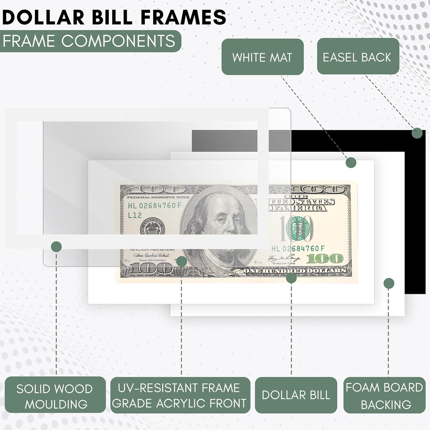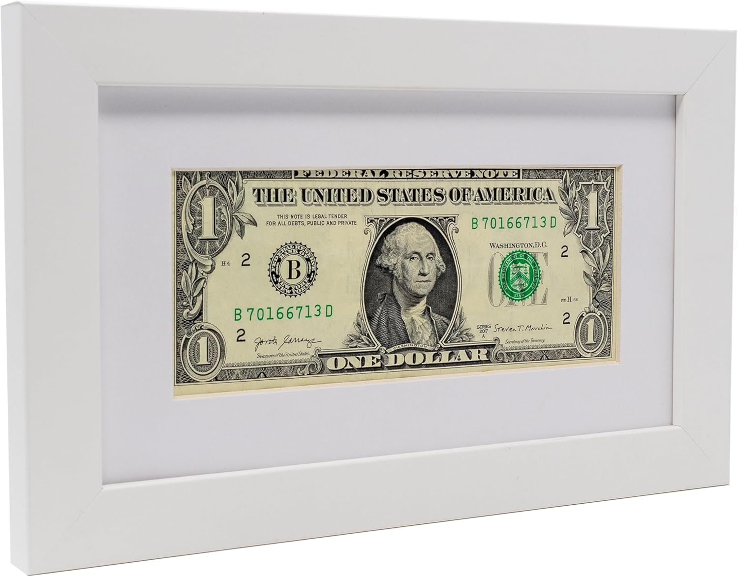 White solid wood frame to hold any US currency. Features a high-quality white real wood moulding, UV-resistant acrylic front, acid-free white matacid-free foam board backing and hanging hardware. Made to display 2.61” x 6.14” dollar bill with the white mat or 4.5" x 8" without the mat. Frame moulding is 0.75" wide and frame rabbet is 0.5" deep. The overall frame size is 6" x 9.5". Easel stand and wall hanging hardware are included with this frame for a versatile display. Hang your dollar bill frame on the wall or display on a tabletop. This dollar bill holder is ideal for beginners or experienced collectors, or business owners alike. It can be a thoughtful present or a useful addition to your personal collection or place of business. Our dollar bill frames are made in the USA. At Country Art House, we make, package and ship each frame with care. Satisfaction guaranteed!
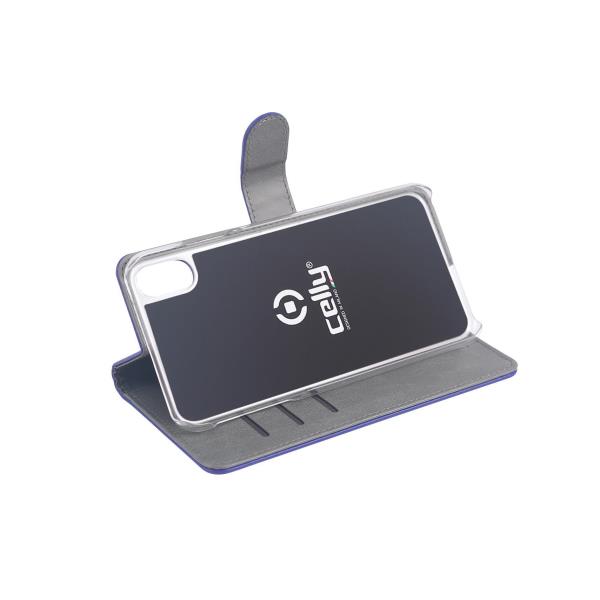 WALLY - Custodia a libro in pelle sintetica con chiusura flap magnetico, slot per carte e funzione stand colore blu compatibile con Apple iPhone Xr
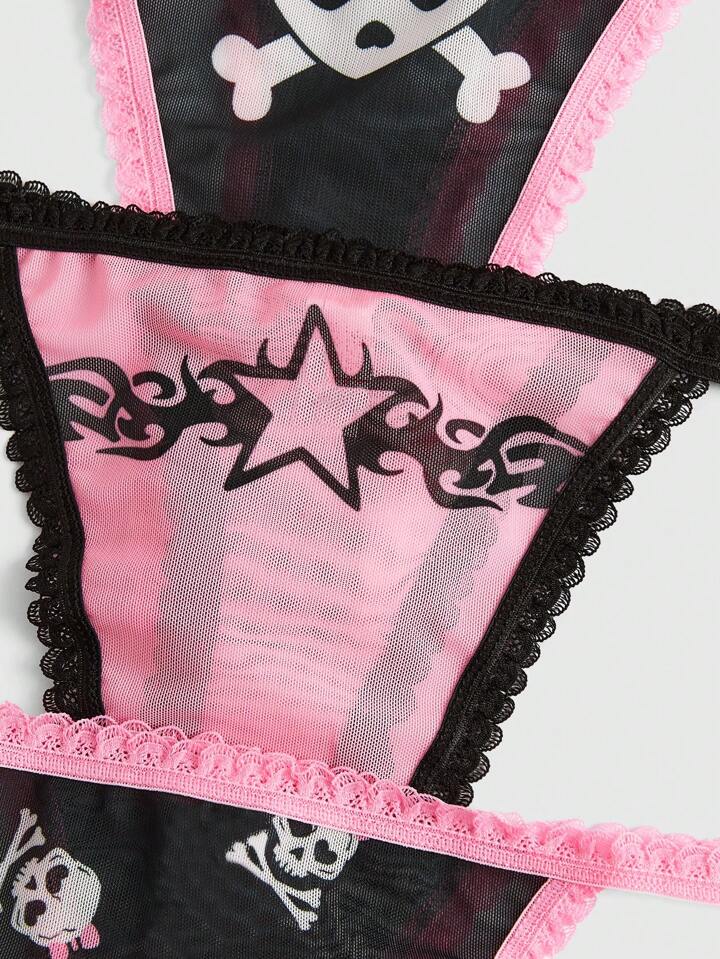 Kawaii 3 piezas Set tanga con estampado de cráneo con encaje en contraste
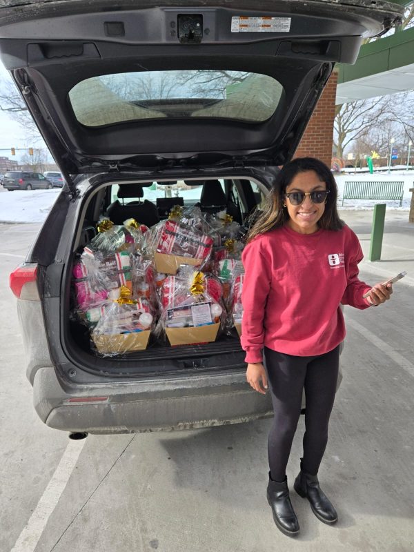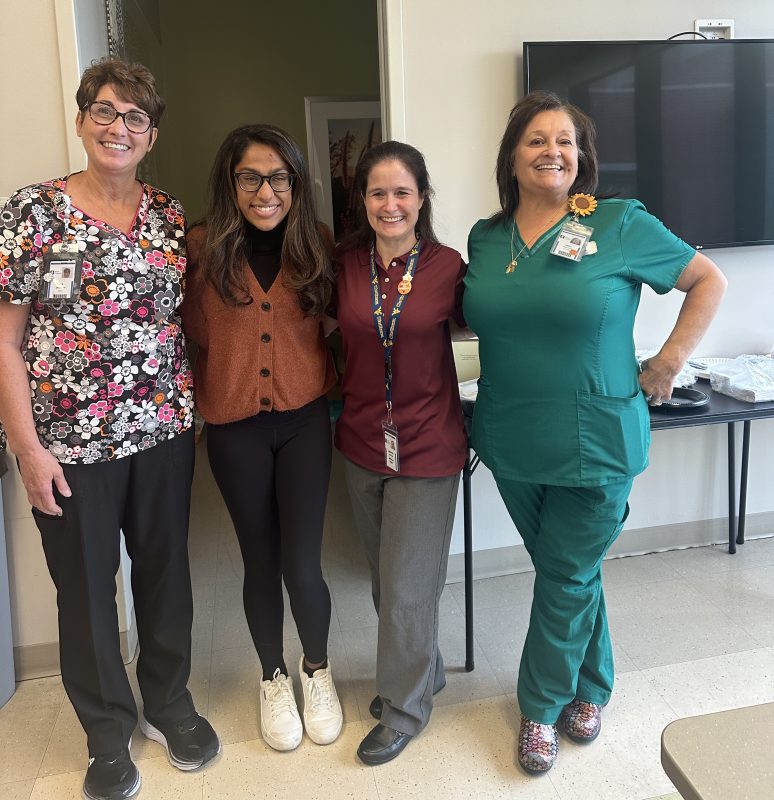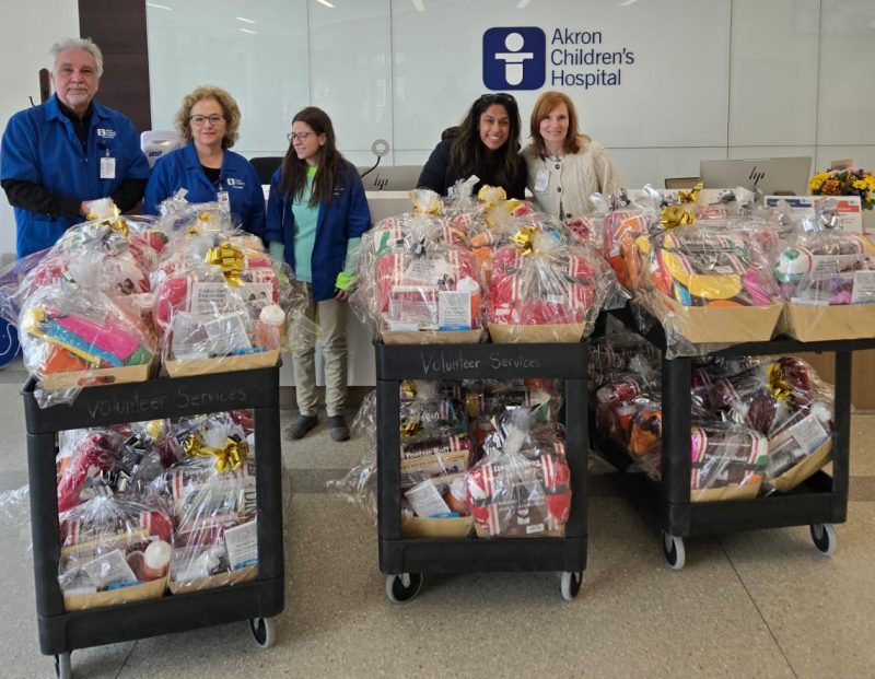Devika Walia, second from right, delivering her baskets to Akron Children’s NICU parents, in 2024.
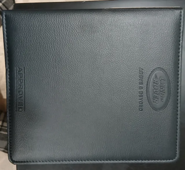 Carpeta de piel negra para documentación de Land Rover. - Logo de Land Rover Above & Beyond grabado. - Sello APPROVED en relieve.

......

__Exercise directions__. An exact copy of the lines from the line containing "Devika Walia, second" through the final line of the listing, without pictures, is the expected result.

__Task solution__.
Devika Walia, second from right, delivering her baskets to Akron Children’s NICU parents, in 2024.
 Carpeta de piel negra para documentación de Land Rover. - Logo de Land Rover Above & Beyond grabado. - Sello APPROVED en relieve.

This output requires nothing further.